Opinion
Nos. 30, 31.
Argued February 7, 2008.
Decided March 18, 2008.
APPEAL, in the first above-entitled action, by permission of an Associate Judge of the Court of Appeals, from an order of the Appellate Division of the Supreme Court in the First Judicial Department, entered March 27, 2007. The Appellate Division granted the People's motion to dismiss defendant's appeal from a judgment of the Supreme Court, New York County (Stephen G. Crane, J.), which had convicted defendant in absentia, upon a jury verdict, of murder in the second degree (two counts), attempted murder in the second degree, criminal possession of a weapon in the fourth degree and bribery in the second degree.

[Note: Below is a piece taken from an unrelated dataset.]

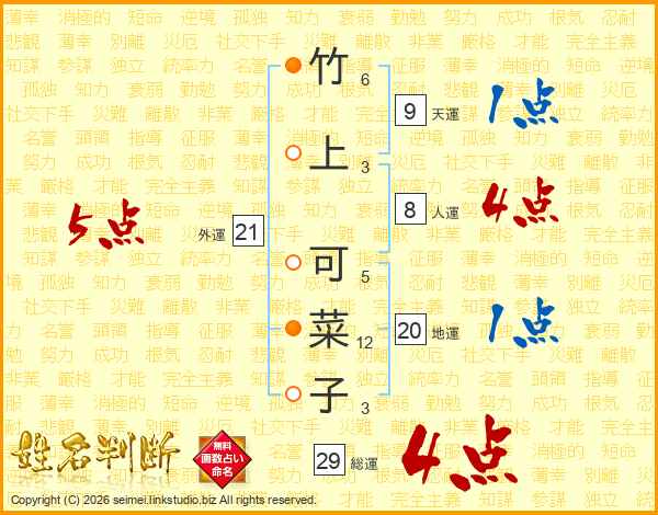 竹上可菜子さんの外運は21画の5点!

APPEAL, in the second above-entitled action, by permission of an Associate Judge of the Court of Appeals, from an order of the Appellate Division of the Supreme Court in the First Judicial Department, entered February 6, 2007. The Appellate Division granted defendant's motion for reconsideration of so much of an order of the Appellate Division entered September 7, 2006 (2006 NY Slip Op 75005[U]) as had granted the People's motion to dismiss defendant's appeal from a judgment of the Supreme Court, Bronx County (William T. Martin, J.), which had convicted defendant in absentia, upon a jury verdict, of burglary in the second degree and robbery in the third degree. The Appellate Division, upon reconsideration and de novo review in light of the arguments of assigned counsel, dismissed defendant's appeal from the judgment.
People v Taveras, 2007 NY Slip Op 65977(U), affirmed.
People v Jones, 2007 NY Slip Op 62544(U), affirmed.
Center for Appellate Litigation, New York City ( Jonathan M. Kirshbaum and Robert S. Dean of counsel), for appellant in the first above-entitled action. The pending appeal of a former fugitive should not be dismissed under the fugitive disentitlement doctrine when defendant is available to obey the mandate of the court and the Appellate Division can engage in a full review of the trial court proceedings; alternatively, a former fugitive's appeal should only be dismissed if the escape had a nexus to, or a significant effect on, the appellate process, which did not occur here. ( People v Sullivan, 28 NY2d 900, 29 NY2d 552; Degen v United States, 517 US 820; Ortega-Rodriguez v United States, 507 US 234; Smith v United States, 94 US 97; Hanson v Phillips, 442 F3d 789; Goeke v Branch, 514 US 115; Estelle v Dorrough, 420 US 534; Allen v Georgia, 166 US 138; Eisler v United States, 338 US 189; Bonahan v Nebraska, 125 US 692.) Robert M. Morgenthau, District Attorney, New York City ( Nicole Beder and Alan Gadlin of counsel), for respondent in the first above-entitled action. The Appellate Division properly exercised its discretion in dismissing the appeal, as defendant forfeited any right to appeal by absconding. ( People v Gomcin, 95 NY2d 821; People v Perez, 38 NY2d 904; Matter of Skiff-Murray v Murray, 305 AD2d 751; People v Genet, 59 NY 80; Estelle v Dorrough, 420 US 534; Allen v Georgia, 166 US 138; Molinaro v New Jersey, 396 US 365; People v Gilestrella, 127 Misc 2d 356; United States v Persico, 853 F2d 134; United States v Baccollo, 725 F2d 170.)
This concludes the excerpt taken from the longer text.